Monday, September 10, 2012

Koch Idealism: Charles Koch recommends liquidating Koch Industries

Koch Industries, Inc. is a firm whose foundation found itself building oil refineries in Stalinist Russia - for the state, of course. In fact, Koch industries has a record of raping state industries across the globe, with some of its most Lucrative contracts in Yugoslavia (ship manufactories), Venezuela (natural gas) and  the US (oil fields on government owned land). Even when it comes to the US, in the face of what may be the strongest legal structure in the world, Koch Industries built its 1990s wealth expansion on oil fraud to the federal government. (See Yasha Levine's excellent article about their reliance on corporate welfare).


How surprising, then, that Charles Koch has written an article which all but demands the liquidation of Koch Industries - utilizing free-market mythology, he claims that we'll all be freer if firms enjoying corporate welfare go out of business. This is the same mythology that allows such cognitive dissonance as the claim that firms enjoying corporate welfare cannot compete globally. If anything, as Charles well knows, any kind of subsidy is correlated with an ability to compete more effectively - as Koch rightly argues later.

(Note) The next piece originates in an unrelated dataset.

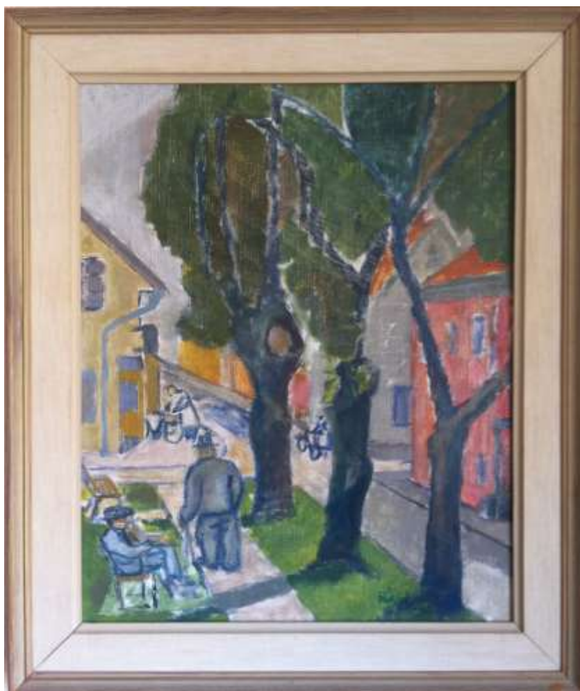
Kåge Bergman, Kungsgatan - Hyttgatan , olja 40 x 32 cm.

"Because they have the advantage of an uneven playing field, crony businesses can drive their legitimate competitors out of business. But in the longer run, they are unsustainable and unable to compete internationally (unless, of course, the government handouts are big enough). At least the Solyndra boondoggle ended when it went out of business." - Charles Koch, "Corporate Cronyism Harms America" WSJ

Cheer up, Charlie: corporate handouts will keep your company afloat to rival the best of them out there. It's not like Brazil was just fighting US subsidies to domestic agriculture ahead of their free trade agreement, right? The singular caveat "unless handouts are big enough" rings on hollow ears - what, is he demanding greater subsidies, or is he quietly admitting that subsidies are a far more pervasive fixture of our economy, with Koch Industries being a minor player? If so, and in the context of Koch holdings that are entirely reliant on government handouts, this is an indication that the government is a central player in any prosperous economy.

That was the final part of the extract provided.